Monday, September 19, 2022

First Things First

"Head on downstairs and grab some time to yourself," my husband offered. I had an hour, at best, before the ravaging hoards would be looking for dinner. I raced to my office and began searching through my "Draft" folder to see what articles I could quickly complete.

So, you're not even going to spend some time in Scripture, first?

"I've got an hour," I protested. "I haven't got time for that right now."

I mean, not even a prayer?

"Ok, Jesus. Um, thank You for this time. May my words be Your words. Amen." And I dug in. Two hours later, dinner wasn't on the table, I think I'd deleted twice as much as I'd typed, and I stomped up the stairs annoyed. "Why can't these people make their own dinner," I thought. "There has to be a better way; I hardly have any time to work on the things I need to do. I get so tired of serving everyone else around here. Who serves me?" blah blah blah, murmur murmur

It was Martin Luther who said:

"I have so much to do today that I'm going to need to spend three hours in prayer in order to be able to get it all done."

I'm not sure whether everything on his list got checked off that day, but if it didn't, I know he was better for it.

Throughout Scripture, God requires of His people the "first fruits" of their labors. First fruits. Whatever we've got, His comes right off the top; whether it's our paychecks or "time to ourselves." He knows we are naturally self-centered. If we wait to give God His due, we get careless, distracted, forgetful at best. I think, more accurately, we figure nothing bad has happened yet; He won't miss it. And we go on about life as if we have control. 

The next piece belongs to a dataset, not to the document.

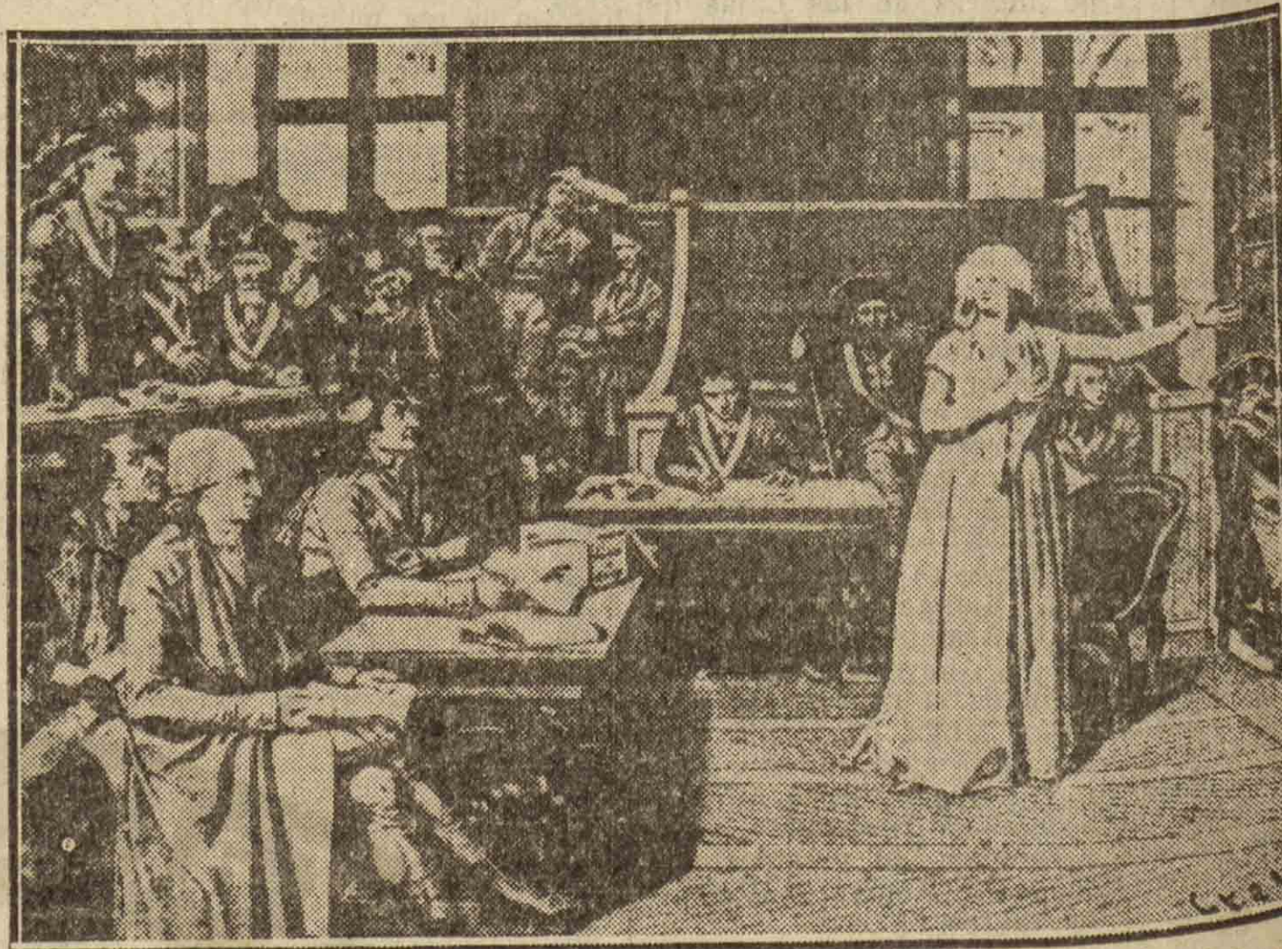
MARIA ANTONIETA, ANTE EL TRIBUNAL REVOLUCIONARIO QUE LE CONDENÓ A MUERTE. LA REINA SE MUESTRA SERENA Y DIGNA ANTE SUS JUECES Y ESCUCHA SU SENTENCIA CON RESIGNACION Y ENTREZA EJEMPLAR. «LA NOTICIA» COMENZARA A PUBLICAR LA HISTORIA DE MARIA ANTONIETA.

You see, I know I get more done when I pray. I know the thoughts and words pour out of me almost too quickly to type them, when I come to God first, giving Him all my attention and seeking His plan for that time. Whether it be an hour or only a minute or two, a heart poured out in earnest first, is what God requires and what works best if I am to hear His voice (even if it doesn't make print). I know this. But there are times I am too stubborn, too self-seeking, too rebellious to listen to even my own good sense telling me what is best. Those are the times that end up most often, in frustration. I can't seem to find the words. My ideas go completely off the rails. And my family becomes more of a burden to me than a blessing. Not really, but that's how badly my entire perspective is affected in my rebellion.

I have so much to do today, I must first spend as much time with God as He directs. May that be the standard for all our endeavors.